Arthur Edward Ogus is an American mathematician. His research is in algebraic geometry; he has served as chair of the mathematics department at the University of California, Berkeley.

Ogus did his undergraduate studies at Reed College, graduating in 1968, and earned his doctorate in 1972 from Harvard University under the supervision of Robin Hartshorne.
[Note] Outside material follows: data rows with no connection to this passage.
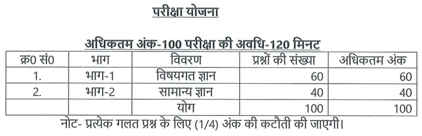 उक्त विज्ञापन के बिन्दु-10 में यह उल्लिखित है कि लिखित परीक्षा हेतु परीक्षा योजना तथा पाठ्यक्रम एवं तिथि के सम्बन्ध में यथासमय सूचित किया जाएगा।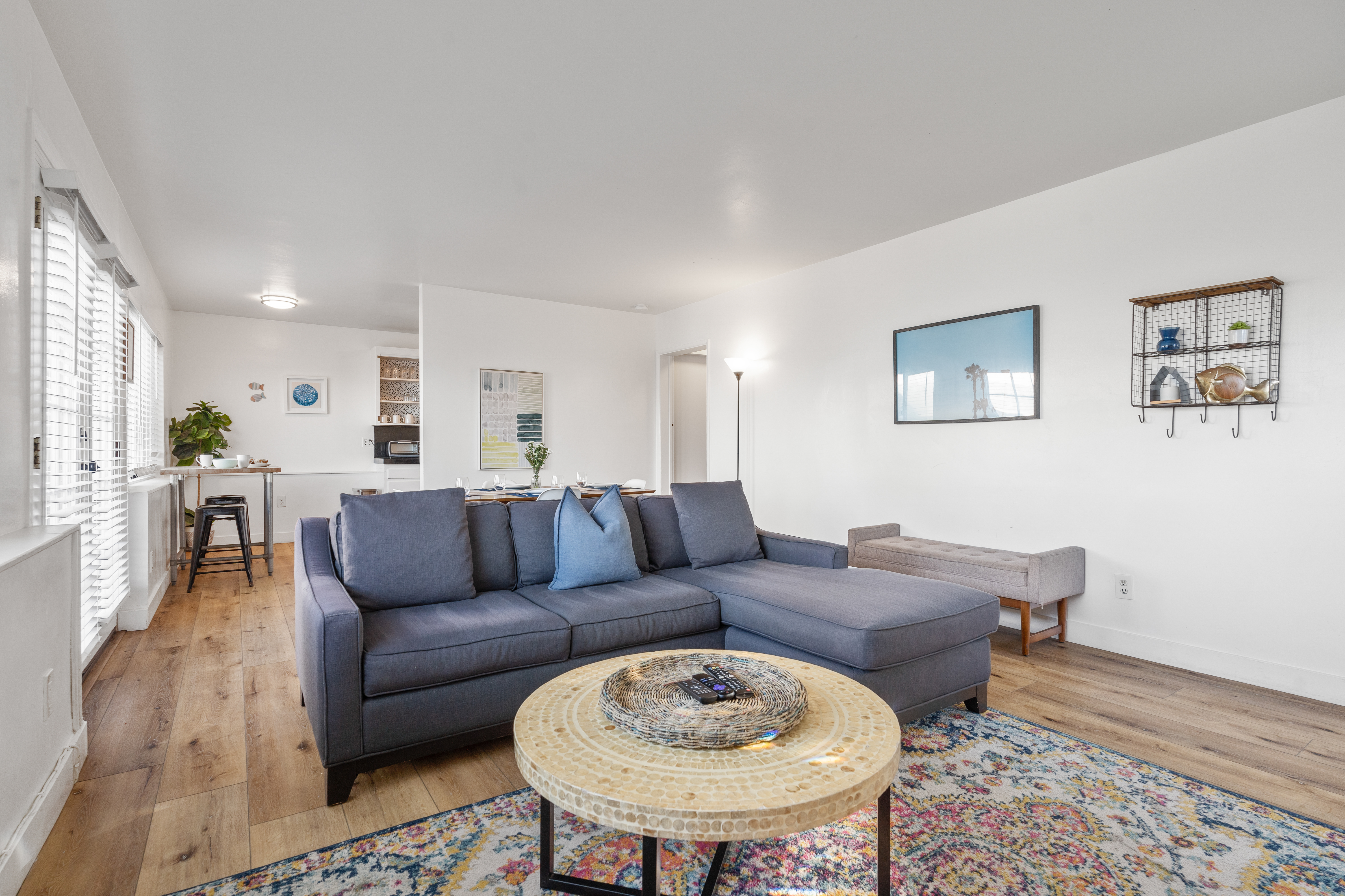 The dining/living area has ocean views and welcomes. Just turn your head slightly while watching TV and you can take in an ocean view with palm trees waving in front of it. Fun.
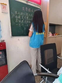 “漢語悠悠傳千載,才思灼灼傳未來。”書法課堂,墨韻飄香。首先江蘇師范大學科文學院暑期實踐團向小朋友們展現了一些中國書法之美,讓他們領略到中華傳統文化的魅力。隨后,實踐團的成員以《芙蓉樓送辛漸》為例,從握筆姿勢、筆畫粗細等方面教孩子們書寫,孩子們躍躍欲試。同時,實踐團成員為他們分發書法紙,小朋友們也靜下心來認真書寫一筆一劃,他們的字跡雖然稚嫩,但飽含朝氣。由此培養小朋友們今后都能形成良好的書寫習慣,寫一手好字,傳承中華傳統文化。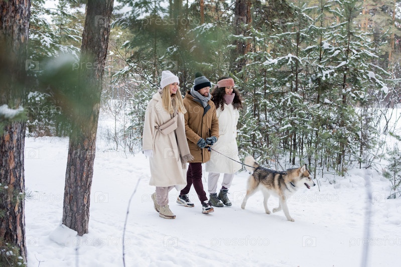 Три друга, ходящие с собакой Лайки

His doctoral students at Berkeley include Kai Behrend.

In September 2015, a conference in honor of his 70th birthday was held at the Institut des Hautes Études Scientifiques in France.

==Selected publications==
- Books
- Berthelot, Pierre (1978). "Notes on crystalline cohomology".
- Deligne, Pierre (1982). "Hodge cycles, motives, and Shimura varieties".
- Ogus, Arthur (1994). "F-crystals, Griffiths transversality, and the Hodge decomposition".

- Research papers
- Ogus, Arthur (1973). "Local cohomological dimension of algebraic varieties".
- Bloch, Spencer (1974). "Gersten's conjecture and the homology of schemes".
- Ogus, Arthur (1979). "Journées de Géométrie Algébrique de Rennes (Rennes, 1978), Vol. II".
- Berthelot, Pierre (1983). "F-isocrystals and de Rham cohomology I".